Required action: How many lines of these entries hold the string "sentra"? Answer with the number alone.

Exercise data:
--------------------------------

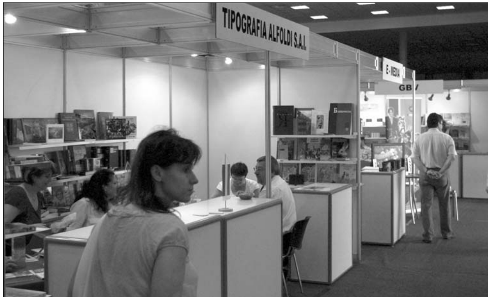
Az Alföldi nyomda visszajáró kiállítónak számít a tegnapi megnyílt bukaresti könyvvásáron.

--------------------------------

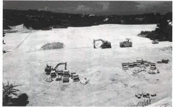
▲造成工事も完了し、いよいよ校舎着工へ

--------------------------------

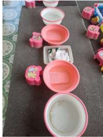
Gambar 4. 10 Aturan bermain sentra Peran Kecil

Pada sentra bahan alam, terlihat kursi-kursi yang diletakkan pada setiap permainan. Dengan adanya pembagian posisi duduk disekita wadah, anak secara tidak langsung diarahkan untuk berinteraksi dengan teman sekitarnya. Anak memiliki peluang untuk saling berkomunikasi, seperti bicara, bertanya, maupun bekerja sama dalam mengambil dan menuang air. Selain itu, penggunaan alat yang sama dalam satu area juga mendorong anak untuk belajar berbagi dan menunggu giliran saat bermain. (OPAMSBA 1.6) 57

--------------------------------

Reply to the task: 2